Immersive training is the best opportunity to increase the combat effectiveness of small units and individual soldiers, although both the Army and Marine Corps are also seeking material solutions like new and improved small arms, Scales said.

The M2 .50 caliber machine gun was first fired in 1919 “and yet it is still the most prolific machine gun in the American military,” Scales said. Likewise, the M16 family of weapons that includes the M4 carbine traces its roots to 1955. The Army and Marine Corps have invested in “infusing the precision revolution and micro circuitry down to the small-arms level so squads can have precision capabilities that used to only exist at the company, battalion and brigade level,” he said. That includes a next-generation rifle, new pistol and new squad machine guns.

But improvements in small unit and individual soldier lethality is most likely to come from the human element than the development or fielding of any particular weapon, Scales said.

“That includes training, manning, personnel policy, selection, recruiting, all those things,” he said. “The real transformation, we believe is going to be in that area.”

There is no silver bullet that will make U.S. ground troops impervious to enemy fire or consistently overmatch enemy troops in close combat, Wilkie said.
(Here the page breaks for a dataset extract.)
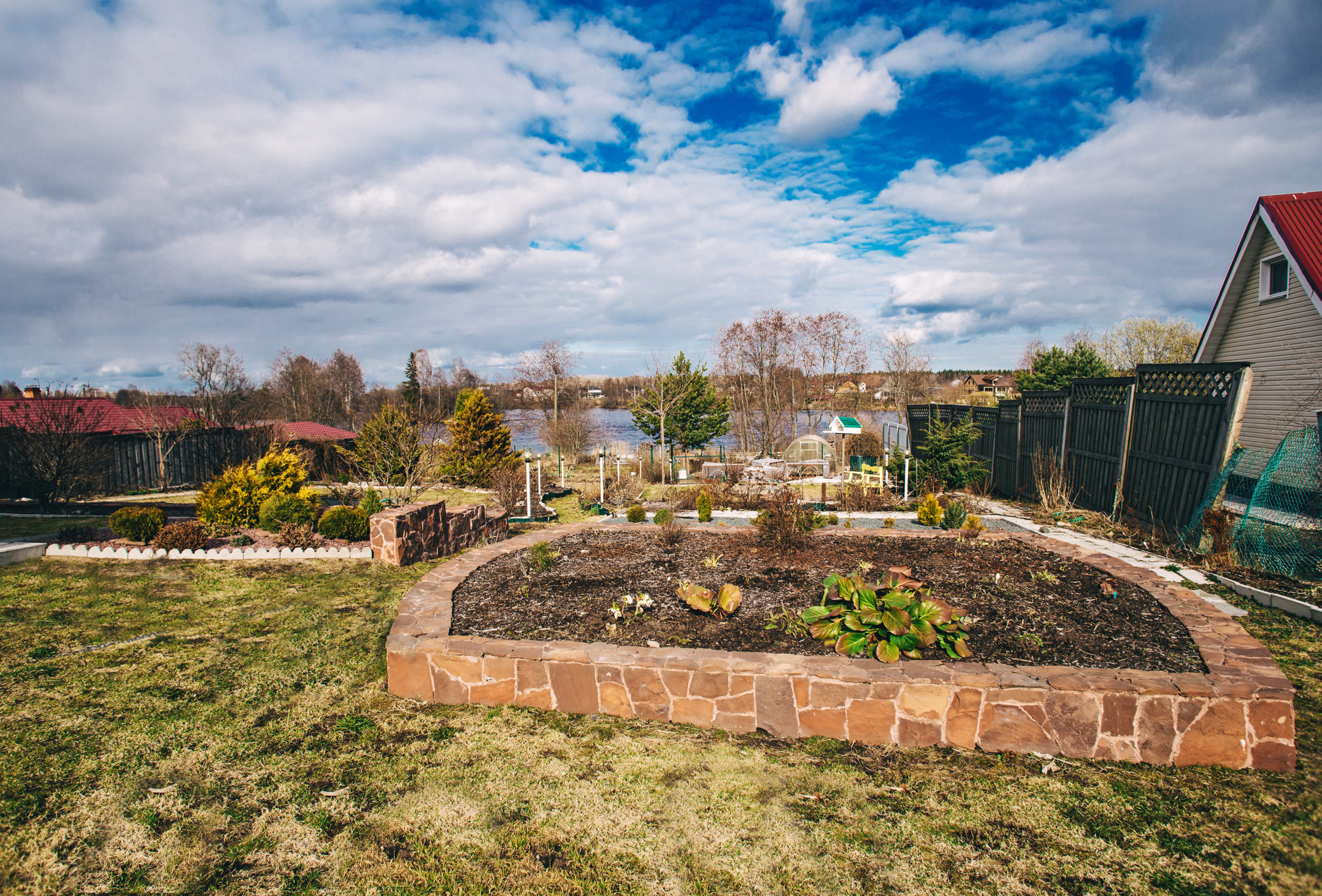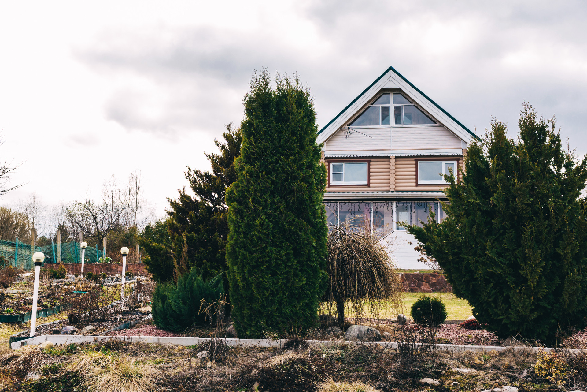 — На участке высажено множество различных кустарников и деревьев.

The Close Combat Lethality Task Force will look at the problem from multiple angles to ensure potential future enemies are never on equal footing with U.S. troops.

“Because of our nation’s historical technical restlessness, we are constantly looking for the silver bullet to somehow change the nature of warfare,” Wilkie said. “A look at history going back to Troy calls into question whether a technical panacea will ever emerge to change the grim facts of ground combat. … What we do here will lay the ground work to overmatch any enemy,” he said. “Anything short of that will have failed those exceptional young people who carry our future on their shoulders.”